Is the attach metaphor maybe the same as AccessOrientedProgramming?
Not the attach metaphor. 'Attach' is far more associated with prep for communications (setting up communications objects, possibly a message queue and semaphor, providing the initial set of capabilities with which you're making the connection, prepping the handshake, etc. - all before the first message is sent). Closer to AccessOrientedProgramming would be an ability to attach procedure-descriptors to a cell that are to be executed when the cell is updated. Such a service could be made available, of course... similar to a subscription service provided by each cell. If a subscription-service is provided, then AccessOrientedProgramming would be an easy delegate to write.
Personally, I'd far prefer a decent mechanism to add true rule-based programming than a simple reimplementation of AccessOrientedProgramming.

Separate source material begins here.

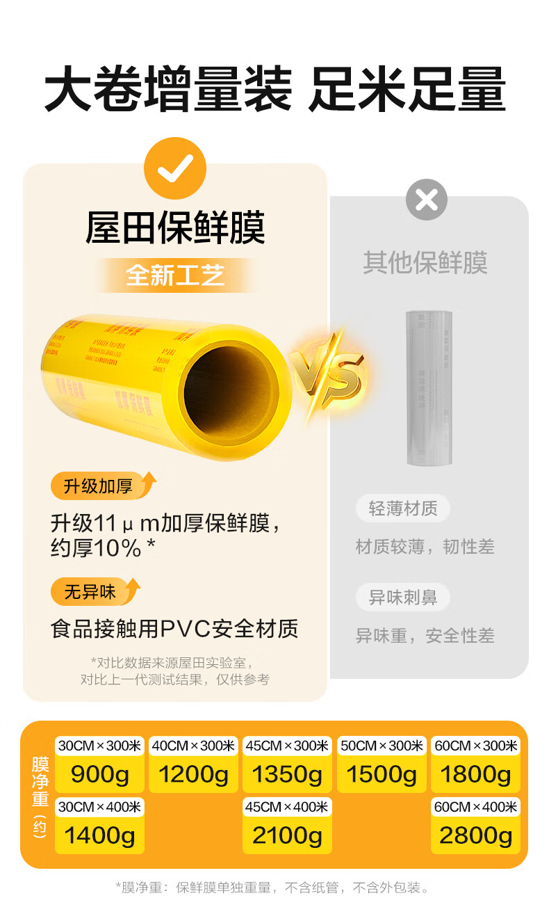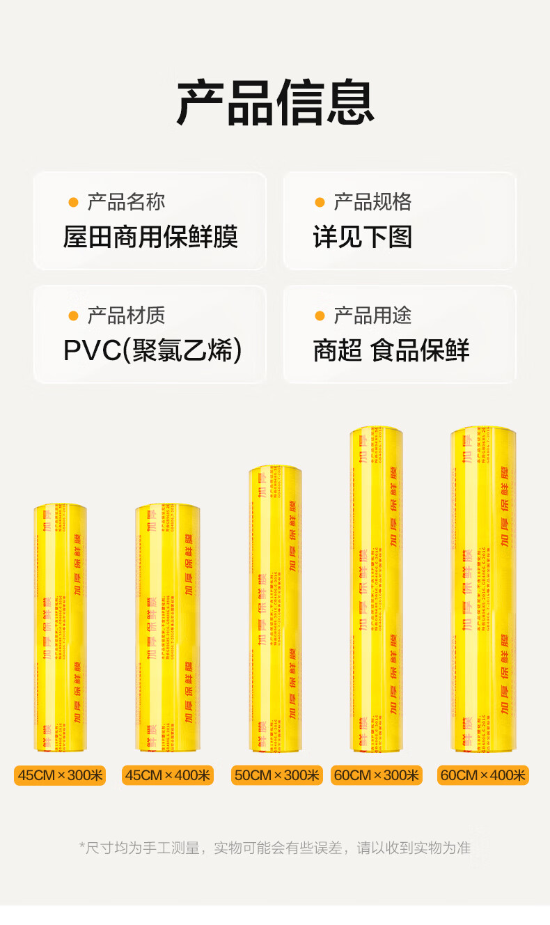 厨具  > 一次性用品  > 其他一次性餐厨具  >  屋田  >  屋田 屋田pvc保鲜膜大卷45cmX300m食品缠绕膜生鲜商超市外卖打包膜塑料 wt-163 防雷一转四+夜灯 食品缠绕膜生鲜商超市外卖打包膜塑料 大卷45cmX300m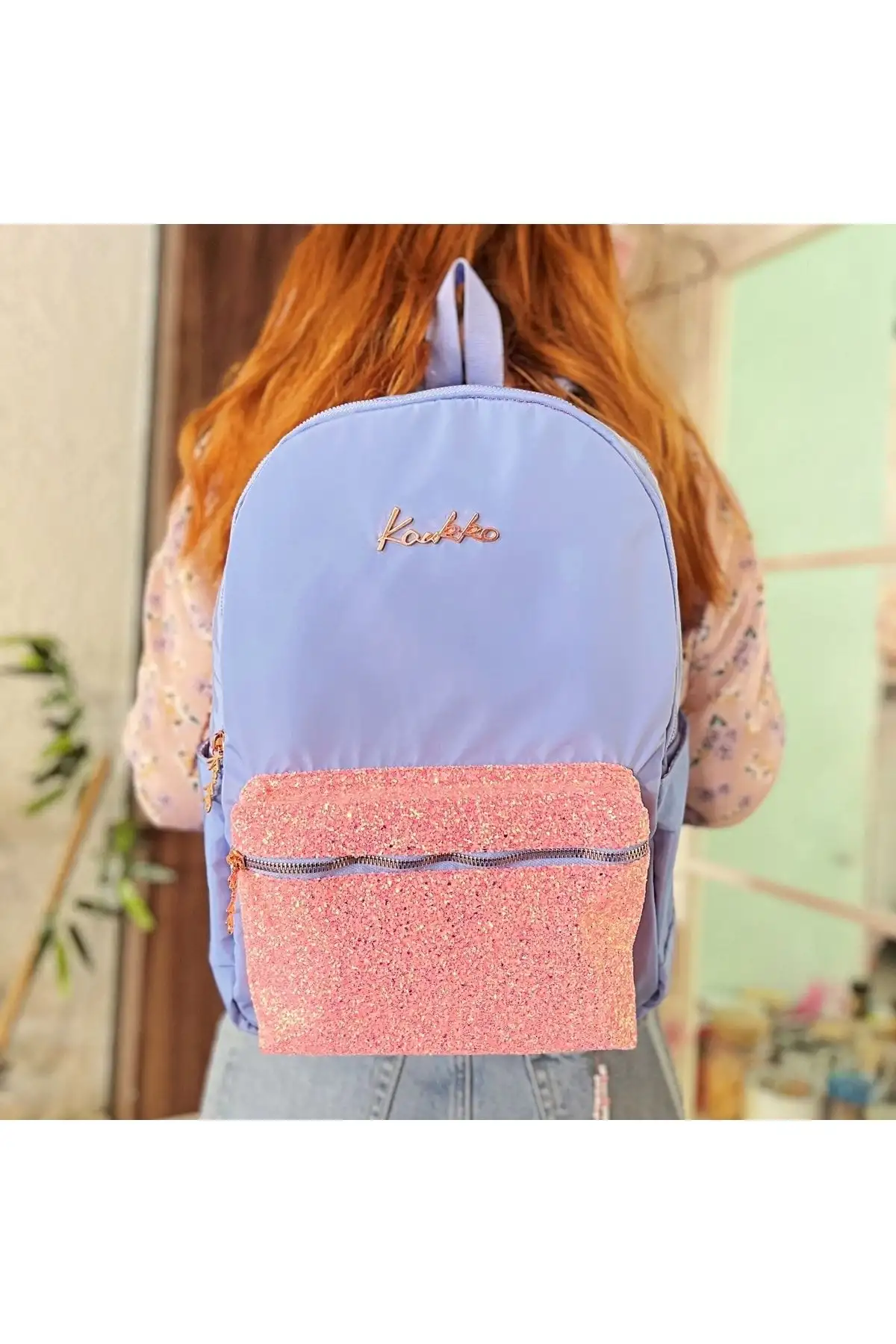 KAUKKO SIRT ÇANTASI BRIGHT TAŞLI-FLORAL MAVİ

But that's far more complex, as it requires a degree of system-wide coordination.

Anyhow, here's the list of orthogonal attributes I arrived at, and some of the conclusions:

persistence - surviving the lifetime of various components. If you have 'persistent' storage, you also need to have a namespace that survives components. There are special conditions wherein you are either unable to attach to existing storage (e.g. your copy is distributed or secured) or no existing storage exists. Suggestion is to allow specification of a default 'initial' value whenever accessing persistent storage (i.e. the value used and persisted if the object is not available).

An interesting problem is when to collect persistent storage.

security - protection against unauthorized mutation and/or peeking. Authority should be granted via tickets or certificates (on a Capability basis).

distribution - ability to share. Note that shared storage has a few other relevant orthogonal attributes. E.g. LDAP - data that is write-rarely read-often, and possesses graceful degradation even when out-of-date. If you can state that you don't care that your copy is completely up-to-date, a massive optimization can be made.

A really interesting problem is when to collect persistent, distributed storage.

transaction support - support for multi-cell SoftwareTransactionalMemory (possibly including hierarchical sub-transactions). Only cells readily support transactions, though other communication-services could provide a compatible interface.

subscription support - support for subscriptions to changes, possibly with various conditions e.g. max rate of update, or send changes in function over value, or even attach a procedure or continuation to be run with given capabilities.

Subscription and transactions are two services that can easily be optimized away on a per-cell basis if the compiler can determine that they aren't used.

I also have an orthogonal list of features for communication services. There are four basic types: one-to-one (connection), one-to-many (broadcast), many-to-one (port), many-to-many (channel). Orthogonal features are: (a) ordered message transport, (b) reliable message transport, (c) attach protocol, (d) type of data transmitted, (e) encodec for data transmitted, (f) persistence of connection/broadcast/channel, (g) transport medium.

I happened to choose these in a manner that could be resolved regardless of your choices, but, again, I didn't have 'accesstime'. Ability to specify 'accesstime' may be beneficial to those attempting realtime guarantees, but I also see it as something that is going to be nearly impossible to support orthogonally to these other features. With 'accesstime' it becomes really easy to ask for the impossible... and a good question is how one should resolve the impossible (with an exception? a compile-time error? - the power to shoot oneself in the foot shouldn't come without a safety).

EditHint: I'm still bothered deeply by the title of this topic. It seems way too open-ended.